-- Work item --
Beginning with the line below that contains "Celebrate the beginning" and ending with the line that contains "Dane telefonu Tecno", retype every line exactly. Pictures are not copied.

-- The records --
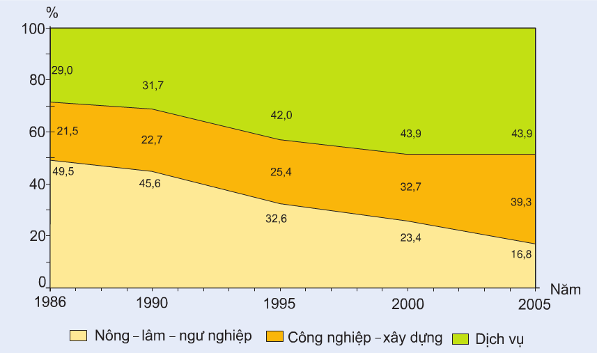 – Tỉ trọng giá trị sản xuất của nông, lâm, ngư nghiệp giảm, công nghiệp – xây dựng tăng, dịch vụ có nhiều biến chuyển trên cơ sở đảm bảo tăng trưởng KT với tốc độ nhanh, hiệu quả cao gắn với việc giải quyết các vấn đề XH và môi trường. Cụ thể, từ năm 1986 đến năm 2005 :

---

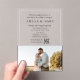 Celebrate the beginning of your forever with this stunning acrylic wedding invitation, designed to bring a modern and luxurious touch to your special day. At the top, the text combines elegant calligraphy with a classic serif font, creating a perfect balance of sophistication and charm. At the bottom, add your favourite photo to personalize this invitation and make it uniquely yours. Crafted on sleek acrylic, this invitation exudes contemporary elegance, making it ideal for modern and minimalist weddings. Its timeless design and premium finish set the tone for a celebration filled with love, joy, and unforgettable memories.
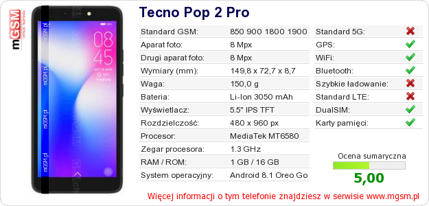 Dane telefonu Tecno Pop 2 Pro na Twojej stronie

-- Finished task --
 Celebrate the beginning of your forever with this stunning acrylic wedding invitation, designed to bring a modern and luxurious touch to your special day. At the top, the text combines elegant calligraphy with a classic serif font, creating a perfect balance of sophistication and charm. At the bottom, add your favourite photo to personalize this invitation and make it uniquely yours. Crafted on sleek acrylic, this invitation exudes contemporary elegance, making it ideal for modern and minimalist weddings. Its timeless design and premium finish set the tone for a celebration filled with love, joy, and unforgettable memories.
 Dane telefonu Tecno Pop 2 Pro na Twojej stronie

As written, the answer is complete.